» Task
Take each line of the material that includes "everyday" and copy it.

*** Record set

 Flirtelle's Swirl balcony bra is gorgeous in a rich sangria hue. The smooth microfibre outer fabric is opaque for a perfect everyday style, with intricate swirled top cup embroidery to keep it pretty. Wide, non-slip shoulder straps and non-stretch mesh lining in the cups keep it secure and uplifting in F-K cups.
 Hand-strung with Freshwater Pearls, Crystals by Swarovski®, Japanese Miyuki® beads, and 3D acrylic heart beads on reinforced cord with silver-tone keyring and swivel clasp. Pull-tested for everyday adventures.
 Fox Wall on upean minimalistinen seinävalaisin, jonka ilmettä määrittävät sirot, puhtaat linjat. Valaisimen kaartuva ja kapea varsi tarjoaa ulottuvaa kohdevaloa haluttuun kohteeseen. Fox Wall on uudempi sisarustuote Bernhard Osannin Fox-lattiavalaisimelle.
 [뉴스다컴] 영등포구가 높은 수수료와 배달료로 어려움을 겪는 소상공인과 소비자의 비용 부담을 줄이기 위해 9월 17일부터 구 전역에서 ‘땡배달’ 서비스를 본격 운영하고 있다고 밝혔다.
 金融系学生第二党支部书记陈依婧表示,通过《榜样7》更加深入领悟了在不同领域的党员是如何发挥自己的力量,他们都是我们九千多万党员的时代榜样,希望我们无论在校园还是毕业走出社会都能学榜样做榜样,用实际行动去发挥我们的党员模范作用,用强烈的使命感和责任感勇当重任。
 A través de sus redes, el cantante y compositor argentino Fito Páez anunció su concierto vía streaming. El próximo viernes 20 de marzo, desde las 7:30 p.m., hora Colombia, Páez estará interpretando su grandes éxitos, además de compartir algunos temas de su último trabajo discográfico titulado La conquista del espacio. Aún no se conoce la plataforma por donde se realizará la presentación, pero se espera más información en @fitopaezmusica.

******
*** Record set

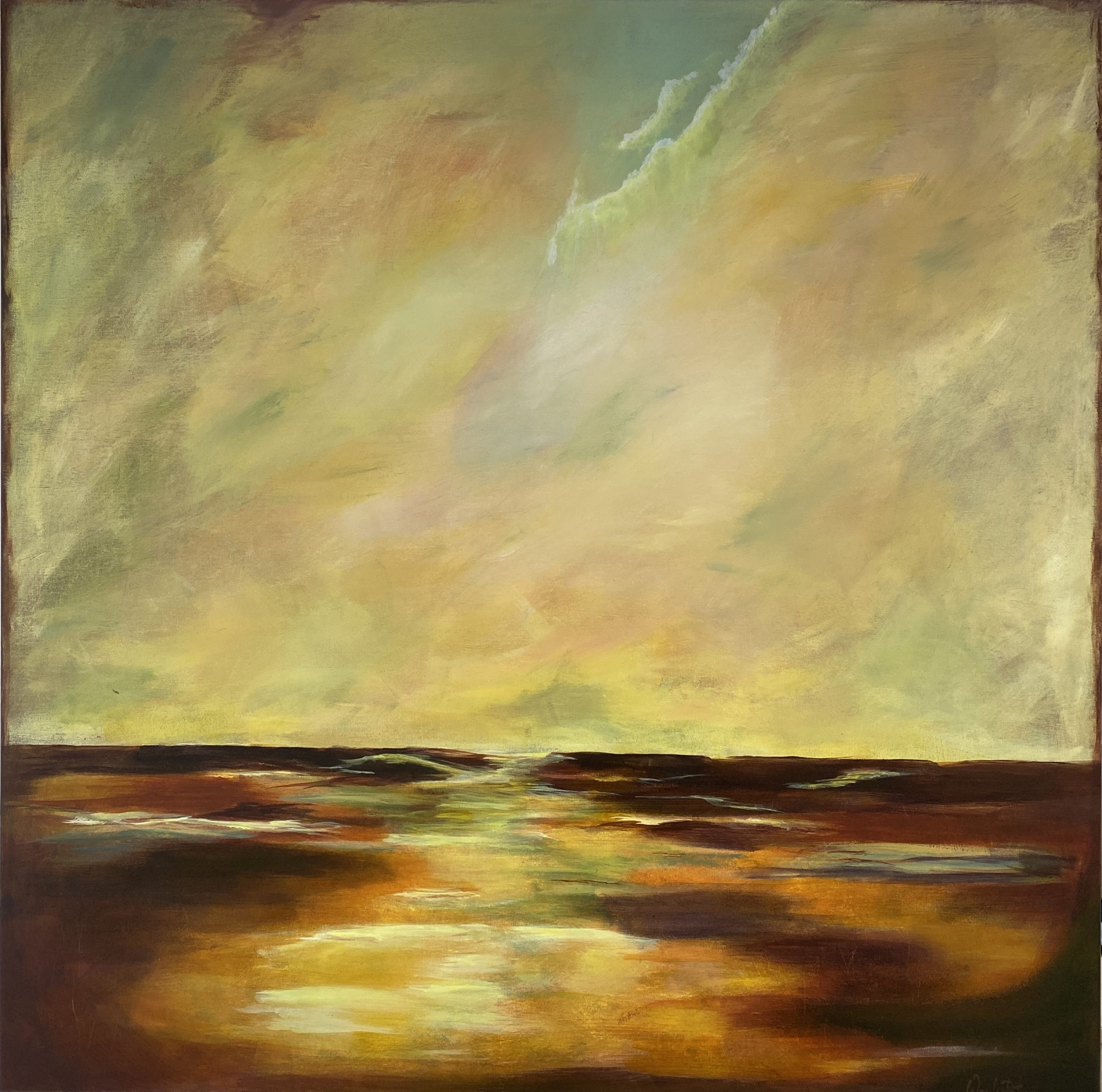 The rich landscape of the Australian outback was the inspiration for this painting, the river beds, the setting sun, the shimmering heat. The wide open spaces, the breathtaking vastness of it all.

******
*** Record set

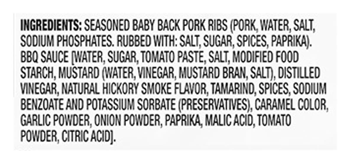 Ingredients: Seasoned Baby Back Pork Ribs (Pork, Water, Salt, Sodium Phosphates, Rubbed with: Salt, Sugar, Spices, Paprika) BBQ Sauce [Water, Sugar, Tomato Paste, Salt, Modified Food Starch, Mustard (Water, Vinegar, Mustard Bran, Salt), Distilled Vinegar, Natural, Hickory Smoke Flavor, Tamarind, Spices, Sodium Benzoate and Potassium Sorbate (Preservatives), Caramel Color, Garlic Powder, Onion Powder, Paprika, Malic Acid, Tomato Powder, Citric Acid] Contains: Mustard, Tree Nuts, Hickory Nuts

******

» Worked solution
 Flirtelle's Swirl balcony bra is gorgeous in a rich sangria hue. The smooth microfibre outer fabric is opaque for a perfect everyday style, with intricate swirled top cup embroidery to keep it pretty. Wide, non-slip shoulder straps and non-stretch mesh lining in the cups keep it secure and uplifting in F-K cups.
 Hand-strung with Freshwater Pearls, Crystals by Swarovski®, Japanese Miyuki® beads, and 3D acrylic heart beads on reinforced cord with silver-tone keyring and swivel clasp. Pull-tested for everyday adventures.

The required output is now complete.